Assim, na mídia secundária, surge à recepção do signo, a representação mental descontextualizada e codificada em marcas fonetizadas; e com ela: a práxis histórica, a memória social e a percepção objetiva do tempo.

Em contrapartida, o consumo torna-se pouco a pouco individual e se divorcia da produção social. E a própria produção material aparentemente se dissocia da produção de bens simbólicos. A sociedade se industrializa economicamente e se desencanta culturalmente. A reprodução social (os esquemas subjetivos) modifica as condições objetivas de produção social.

A mídia secundária não anula a primária, mas se sobrepõe a ela. Assim, a recepção e o consumo primários continuam ativos nos contextos dos processos secundários de industrialização cultural. Mas, também é importante observar que gradativamente, no decorrer dos últimos séculos, a comunicação secundária tornou-se dominante culturalmente.

E mídia terciária ou elétrica, segundo Pross, implica na existência de suportes tecnológicos nos dois polos da comunicação. Há dois momentos aqui: a televisão, quando a mídia terciária funciona ainda de forma unilateral; e as redes sociais interativas, que funcionam em um modelo descentralizado, que Pierre Levy entende como o modo de interação muitos-muitos.

Com o advento da mídia terciária, a recepção tornou-se uma experiência do corpo recontextualizada por imagens e sons mediados por tecnologia. Com a televisão, a própria cultura se industrializa: irrompe a recepção fragmentada das narrativas seriadas e o comportamento de consumo de massa. Consumo, além de padronizado e uniforme, posto em universo cultural de repetição mecânica, de acumulação e gasto em intervalos regulares e constantes.
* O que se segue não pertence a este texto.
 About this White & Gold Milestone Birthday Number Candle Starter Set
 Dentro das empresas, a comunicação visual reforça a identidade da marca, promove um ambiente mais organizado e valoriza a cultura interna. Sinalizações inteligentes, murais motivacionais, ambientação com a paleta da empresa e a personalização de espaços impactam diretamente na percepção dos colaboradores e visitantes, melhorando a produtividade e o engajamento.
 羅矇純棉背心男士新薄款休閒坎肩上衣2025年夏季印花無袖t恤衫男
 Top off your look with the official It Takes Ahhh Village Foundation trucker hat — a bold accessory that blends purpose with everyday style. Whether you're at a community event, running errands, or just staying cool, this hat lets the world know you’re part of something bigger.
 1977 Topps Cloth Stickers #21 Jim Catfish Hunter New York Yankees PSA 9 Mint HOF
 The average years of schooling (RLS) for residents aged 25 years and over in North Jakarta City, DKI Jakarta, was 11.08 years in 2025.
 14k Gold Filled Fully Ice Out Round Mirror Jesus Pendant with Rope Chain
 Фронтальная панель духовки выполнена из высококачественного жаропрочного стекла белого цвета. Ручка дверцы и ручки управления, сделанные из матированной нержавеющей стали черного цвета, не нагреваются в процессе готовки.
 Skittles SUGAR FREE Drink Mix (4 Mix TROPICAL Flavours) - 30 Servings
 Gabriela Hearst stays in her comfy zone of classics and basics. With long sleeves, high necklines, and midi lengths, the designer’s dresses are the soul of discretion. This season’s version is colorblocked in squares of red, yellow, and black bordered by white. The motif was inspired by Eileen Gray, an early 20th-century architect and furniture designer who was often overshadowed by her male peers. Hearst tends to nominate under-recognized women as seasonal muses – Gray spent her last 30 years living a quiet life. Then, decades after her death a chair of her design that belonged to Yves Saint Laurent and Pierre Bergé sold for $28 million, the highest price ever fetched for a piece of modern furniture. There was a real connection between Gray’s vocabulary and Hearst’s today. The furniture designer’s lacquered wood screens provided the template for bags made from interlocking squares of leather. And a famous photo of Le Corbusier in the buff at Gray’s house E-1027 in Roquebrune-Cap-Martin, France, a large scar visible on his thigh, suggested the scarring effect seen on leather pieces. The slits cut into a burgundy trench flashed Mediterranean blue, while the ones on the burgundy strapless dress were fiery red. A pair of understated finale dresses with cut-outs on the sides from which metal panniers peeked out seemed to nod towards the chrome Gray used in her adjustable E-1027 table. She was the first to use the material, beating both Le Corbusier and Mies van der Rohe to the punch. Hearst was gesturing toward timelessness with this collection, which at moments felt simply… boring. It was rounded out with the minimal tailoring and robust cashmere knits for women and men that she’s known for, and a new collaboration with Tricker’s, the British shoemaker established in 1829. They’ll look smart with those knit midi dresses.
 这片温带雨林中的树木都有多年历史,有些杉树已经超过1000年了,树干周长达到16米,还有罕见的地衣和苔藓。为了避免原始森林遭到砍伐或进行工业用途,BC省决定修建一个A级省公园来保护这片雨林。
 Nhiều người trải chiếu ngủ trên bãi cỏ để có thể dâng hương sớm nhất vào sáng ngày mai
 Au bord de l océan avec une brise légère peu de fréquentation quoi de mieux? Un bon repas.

As rotinas de consumo são retroalimentadas pelas narrativas seriadas que as representam.

No entanto, é preciso observar que ela também representa um aperfeiçoamento progressivo do termo e de suas definições anteriores. Para compreendermos que há uma mediação externa e uma mediação interna às relações sociais foi necessário entender as definições antropológica e sociológica de Cultura.

Também podemos dizer que para explicarmos a mediação interna da cultura foi necessário estudar as definições voltadas para a crítica do papel dissimulador da cultura (freudiana, marxista e estruturalista); enquanto para definir a mediação externa da cultura com o meio ambiente foi preciso revisar as definições que enfatizam a consciência coletiva, a identidade social, a memória e a ciência (positivistas, funcionalista e cibernéticas).

A cultura como dupla mediação social combina do conceito de Meio de McLuhan com a noção de democracia deliberativa de Habermas. Ação comunicativa é o cimento e o combustível das relações sociais (ambientais e culturais).

LEIA MAIS EM: A cultura como dupla mediação social


NOTAS

1 Habermas foi associado a Gramsci pelo eurocomunismo, fundamentando uma estratégia de chegar ao poder pela via eleitoral (e através da organização política da sociedade civil ampliando a esfera pública).

2 Há extensas discussões sobre os termos ‘mídia’ e ‘média’ como traduções do conceito de ‘Meio’ do inglês e do latim. A ideia de que a sociedade é um conjunto de mediações e que existem três meios fundamentais (a fala, a escrita e o vídeo) é o que faz de McLuhan um pioneiro e que caracteriza a midiologia como movimento teórico, incluindo não apenas Martin Jesus Barbero e Regis Debret, mas pensadores como Flusser e Pross.